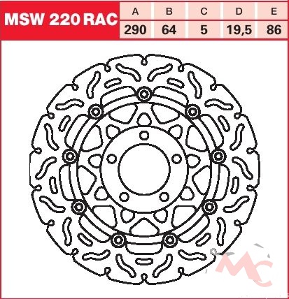 Specifikace brzdového kotouče:- označení kotouče: MSW 220 RAC
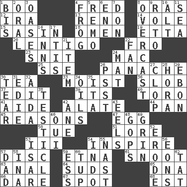 ACROSS 1. Oct. 31 cry 4. Flintstone 8. Mouths or openings 12. Retirement account (abbr.) 13. Former U.S. Attorney General Janet 14. Grand slam 15. Indian antelope 18. Sign of something about to happen 19. Singer James 20. Small, flat, pigmented spot on the skin 22. From 23. In a ____ (agitated or irritated) 24. Apple computer (short form) 25. Compass dir. 26. Flamboyance 30. Beverage made from leaves 33. Wet 36. Oscar Madison type 37. Prepare for publication 39. It is 40. "Corrida" creature 41. Assistant 42. Having winglike extensions 44. Baking dish 45. Thinks logically 47. Oval reproductive body of a fowl 50. Third day of the wk. 51. Old wives' tales, e.g. 53. One more than two 54. Heighten or intensify 57. Flat circle 59. Inactive volcano in Sicily 61. Snob 63. Of or related to the anus 64. Beer foam 65. Heredity factor (abbr.) 66. Have the gumption 67. Blemish 68. Eastern Standard Time (abbr.) DOWN 1. Again 2. Taken by mouth 3. Fertile tracts in a desert 4. Toadlike animal 5. San ____ (Riviera town) 6. Compass dir. 7. Spanish title 8. Cloudy 9. Printing process, for short 10. Keyboard modifier key 11. Ocean 16. Taverns 17. Nuclear Threat Initiatives 21. A whole individual unit 22. Air blower 24. Floor protector 26. Inconspicuous attention getter 27. Hoof sound 28. Israeli folk dance 29. Inky black, to poets 30. Pull apart 31. Singer Brickell 32. Opera by Verdi 34. Lubricates 35. Call ___ day 38. One of the two male reproductive glands 42. One (Scot) 43. Snakelike fish 46. Fr. "Yes" 48. Republicans 49. Amused look 52. Eat (away) 53. Austrian river, tributary to the Danube 54. _ china 55. Political cartoonist Thomas 56. Immeasurably long periods of time 57. Male parent 58. _ tizzy (2 wds.) 59. Double-curved letter 60. Uncastrated adult male sheep 62. Make lace
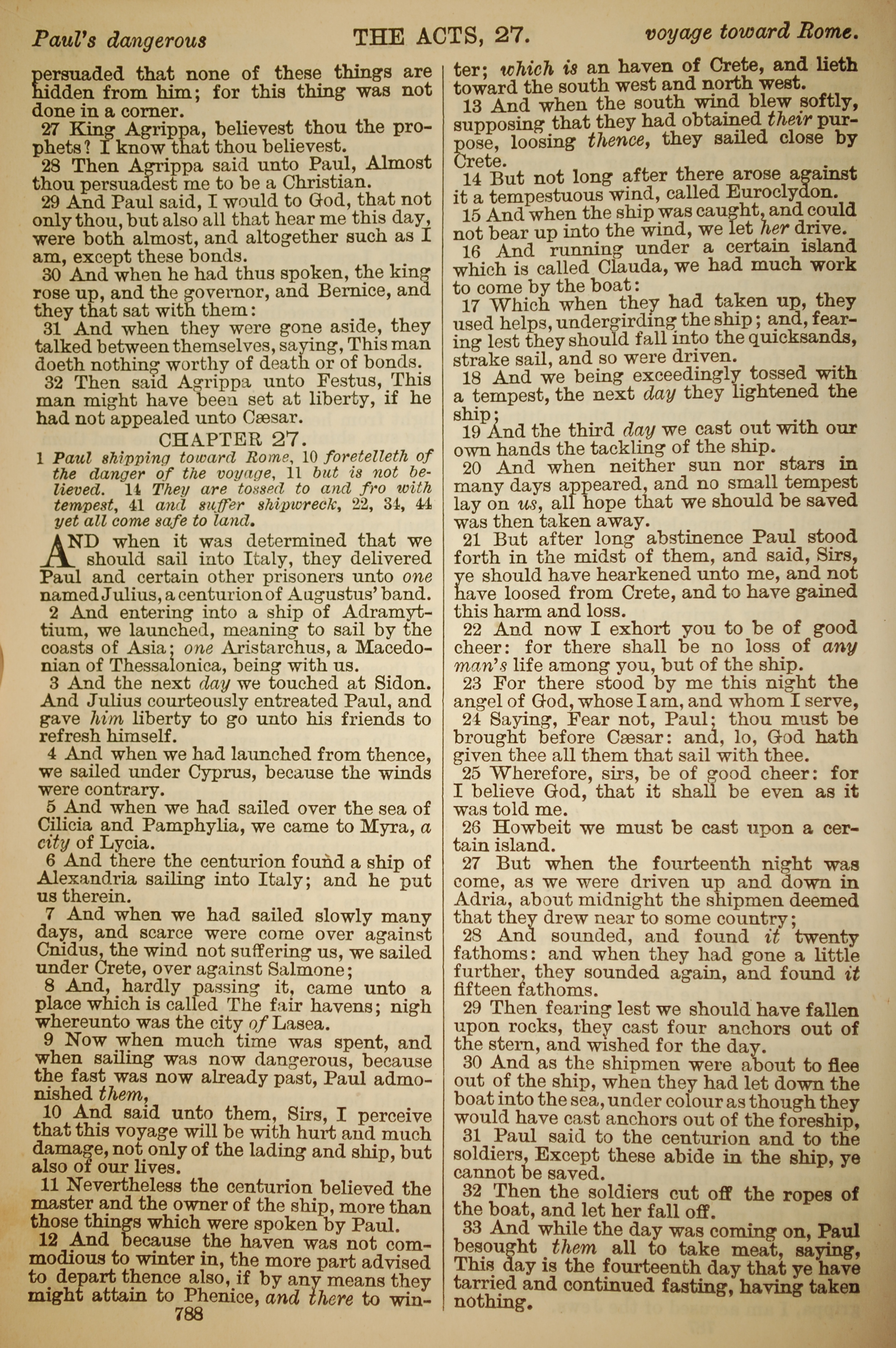 1886年英文圣经 使徒行传 26 章 27 节到 27 章 33 节
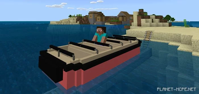 The minecart is replaced with an amazing travel boat. It behaves similarly to a standard minecart, but is specifically designed for water, taking the form of a boat. You can utilize it for your own creations in Minecraft PE.
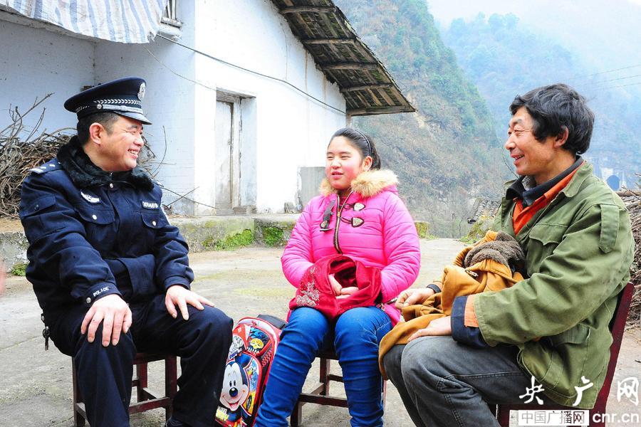 到鐵路沿線宣傳走訪中,巴山警務(wù)區(qū)民警范雪艷給山區(qū)貧困留守兒童王春蘭帶去了自己為她買的書包和一套新衣服,與回到家的孩子父親一起談“小春蘭”的學(xué)習(xí)情況。(央廣網(wǎng)記者 雷愷 攝)
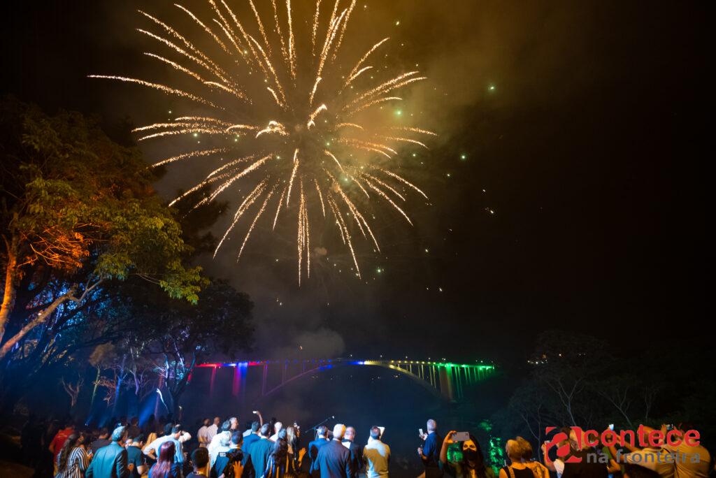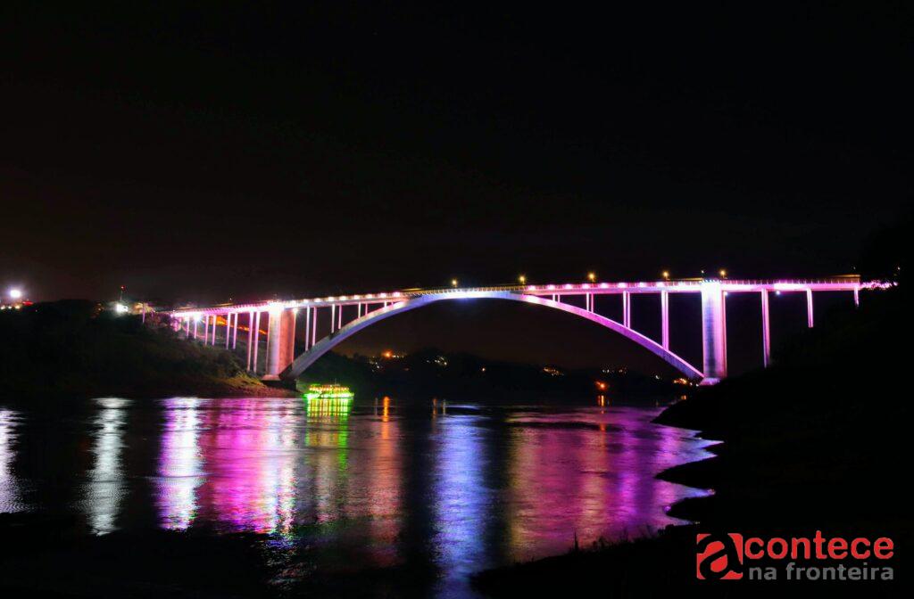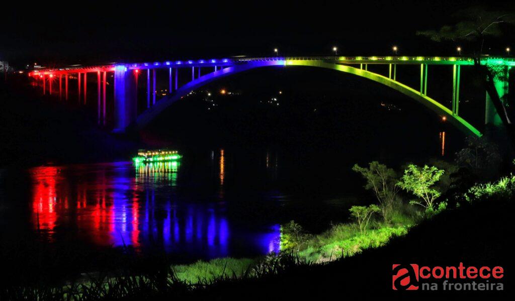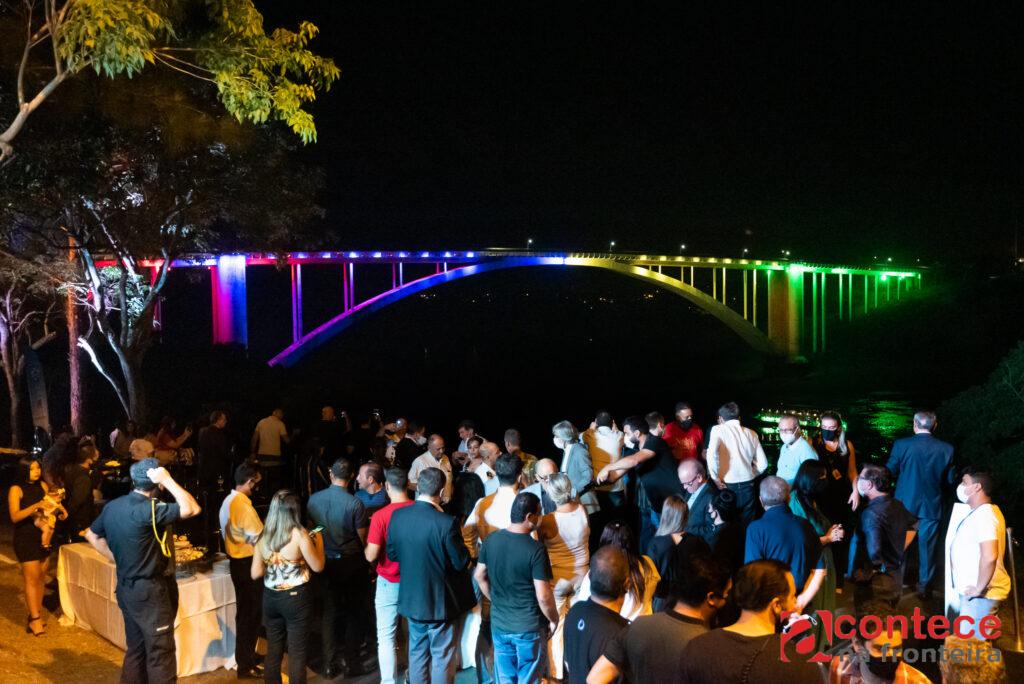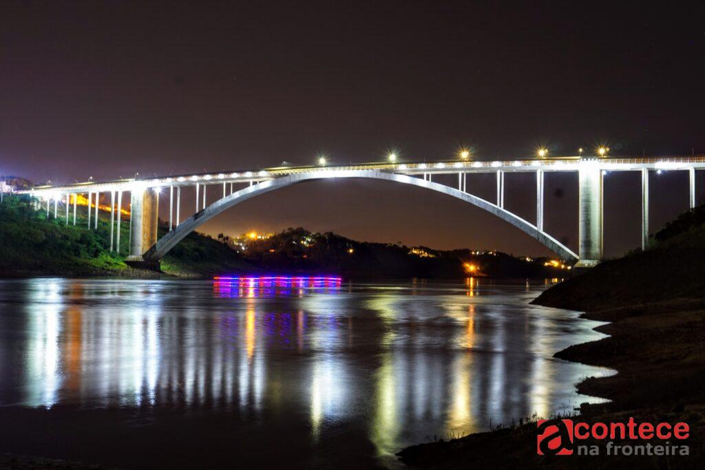 Solenidade oficial de lançamento da iluminação reuniu autoridades do Brasil e Paraguai. É a primeira vez que a estrutura arquitetônica da ponte, inaugurada em 1965, ganha iluminação especial.

=====

## YOUR GOAL
Nothing but the lines from the line with "1886年英文圣经 使徒行传 26 章 27 节到 27 章 33 节" through the end of the listing should appear in the answer, each duplicated exactly, without pictures.

## RESPONSE AREA
 1886年英文圣经 使徒行传 26 章 27 节到 27 章 33 节
 The minecart is replaced with an amazing travel boat. It behaves similarly to a standard minecart, but is specifically designed for water, taking the form of a boat. You can utilize it for your own creations in Minecraft PE.
 到鐵路沿線宣傳走訪中,巴山警務(wù)區(qū)民警范雪艷給山區(qū)貧困留守兒童王春蘭帶去了自己為她買的書包和一套新衣服,與回到家的孩子父親一起談“小春蘭”的學(xué)習(xí)情況。(央廣網(wǎng)記者 雷愷 攝)
 Solenidade oficial de lançamento da iluminação reuniu autoridades do Brasil e Paraguai. É a primeira vez que a estrutura arquitetônica da ponte, inaugurada em 1965, ganha iluminação especial.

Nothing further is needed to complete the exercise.